Brains of Chinese Students with Long-Term Partners
Roseann Lake wrote in China File: “In August 2012, forty months after taking the brain scans, the neuroscientists called their eighteen Chinese participants again to see how “intensely in love” they still were. Six of the participants couldn’t be reached, but of the remaining dozen, half had broken up with their mate and half were still together. The neuroscientists then re-examined the original brain scans and tried to determine patterns that may have predicted the outcome of the relationships. [Source: Roseann Lake, China File, February 14, 2014 ==]
“By comparing the original scans of each participant with their later reported levels of relationship happiness, the scientists made more discoveries. The most groundbreaking involved the identification of two areas of the brain which, when viewed during the early stages of romantic love, can be indicative of relationship longevity, satisfaction, and commitment. “People who showed low activity in areas of the brain that have been associated with negative judgments of others were the ones who were still together,” says Dr. Lucy Brown. “Basically, the brain studies confirmed that suspending negative judgment of the other person is important for keeping a relationship together,” she explains. “Common sense tells us this is necessary, but the studies on Chinese participants really did show that it’s true, and suggest that it is key for all of us to keep relationships going, not just a minor aspect of successful relationships.” ==
“The findings of this second part of the study are significant, Brown says, because they suggest that a couple’s initial feelings of attraction may indicate the course their relationship will take. “Psychologists sometimes say that when you’re in the early stages of romantic love, it’s so crazy, there’s no way of predicting how things will work out,” she says. “Others insist that there are things established early on that influence the outcome of the relationship, and at least on a neural level, that appears to be the case.” ==
“Though the brains that Drs. Aron, Brown, and Xu examined in their neurological study in Beijing could very well belong to the children or grandchildren of Chinese who were of marriage age during times of “revolutionary” love, it’s worth noting that despite how far China has come since 1949—economically, socially, and in terms of personal freedom—the experience of romantic love in modern China appears still to be fraught with some cultural baggage, at least on a neural level. ==
“Though the researchers acknowledge that their work is preliminary, they say that Chinese participants may engage the parts of their brain that cause them to “weigh the relationship more carefully, and take negative aspects into account more readily than Western participants.” Chinese cupid, in other words, strikes just as deftly as any other, but his arrow carries a distinctive sting. Is this sting the brain’s conditioned response to years of governance that has downplayed the individual relative to the group, to the extent that he or she feels guilty pursuing something as self-indulgent as romantic love? The notion is certainly worth considering. ==
Love Education and Singles in China
Schools in Shanghai offer love education classes. Introduced to the 9th grade in 20 middle schools in 1994, the classes use a textbook with chapters like “Love is Like a Song” and passages from Jane Eyre, a Pushkin poem and selections from Su Ting, who wrote Raise the Red Lantern. These are accompanied by study questions such as one that asks students to summarize what is required to love someone. The answer: respect, responsibility and sharing good times and bad. [Source: Los Angeles Times]

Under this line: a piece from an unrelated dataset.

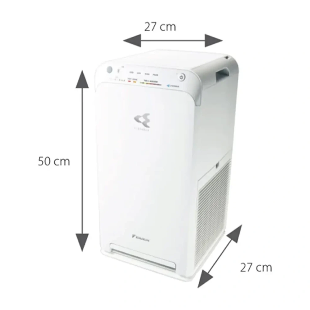 The Daikin MC55W Air Purifier features advanced Catch & Clean dual-stage purification and an electrostatic HEPA filter that removes 99.97% of fine particles as small as 0.3 μm. Designed for spaces up to 82 m², it effectively captures allergens, dust, pollen, bacteria, and viruses. The compact design, quiet operation starting at 19 dB, and a 10-year filter lifespan ensure low maintenance and seamless integration into any room. Daikin’s Streamer Technology purifies the air post-filtration, enhancing overall indoor air quality. Ideal for allergy sufferers and approved by Allergy UK, this purifier ensures fresh, clean air with minimal effort.
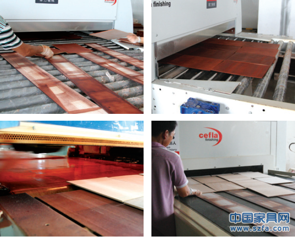 走進(jìn)興利尊典的涂裝車間,耳旁是接連不斷的機(jī)器轟鳴聲,一條自動(dòng)傳送帶前,兩名工人正熟練地往上排列亟待噴涂的板材,10分鐘后,這些板材就會(huì)完成噴涂、打磨和烘干的一整套程序,可以進(jìn)行組裝并包裝了。這是興利從意大利進(jìn)口的UV漆輥涂生產(chǎn)線。在不遠(yuǎn)處,一個(gè)全封閉的單獨(dú)的房間內(nèi)放置的是另一條意大利進(jìn)口的自動(dòng)噴涂線,這條線可以完成水性漆、UV漆和PU漆三種涂料的自動(dòng)噴涂,透過(guò)噴涂室的玻璃可以看到八個(gè)噴槍正來(lái)回作業(yè)。這條線于去年年底開始設(shè)備調(diào)試,今年年初正式投產(chǎn)。據(jù)興利尊典執(zhí)行董事蘇毅介紹,工廠配備這兩條生產(chǎn)線在國(guó)際上都屬最先進(jìn)的,投資總額超過(guò)了1500萬(wàn),目前啟用這條自動(dòng)噴涂線的企業(yè),國(guó)內(nèi)只有兩家,一家位于東莞,是為宜家做配套的出口企業(yè),而做內(nèi)銷的國(guó)內(nèi)只有興利。

On the students who take the class, the editor of the textbook told the Los Angeles Times, “We want them to understand that love is beautiful. Love is not superficial. Love needs good understanding of its meaning. And love needs preparation...We warn them about the danger of rushing into it. We try to encourage them not to try it out at an early age.” When one student was asked by the Los Angeles Times why he didn’t study the book so seriously, he replied, “It’s not going to be on the [high school or university entrance] exam.”
Bachelors are known as bare branches. There are expected to 30 million more bachelors than single women by 2020.In mid 2000s, 46 percent of those 35 and younger are unmarried, and the percentage is increasing.
Single day is a day that is recognized by some people and has become more recognized as the number of singles increases. It originated on Chinese university campus in the 1990s and falls on November 11, which is comprised of four “1s” (11-11).
Housing reform has made it easier for couples to live together without getting married by creating a rental market which provides cheap, accessible housing.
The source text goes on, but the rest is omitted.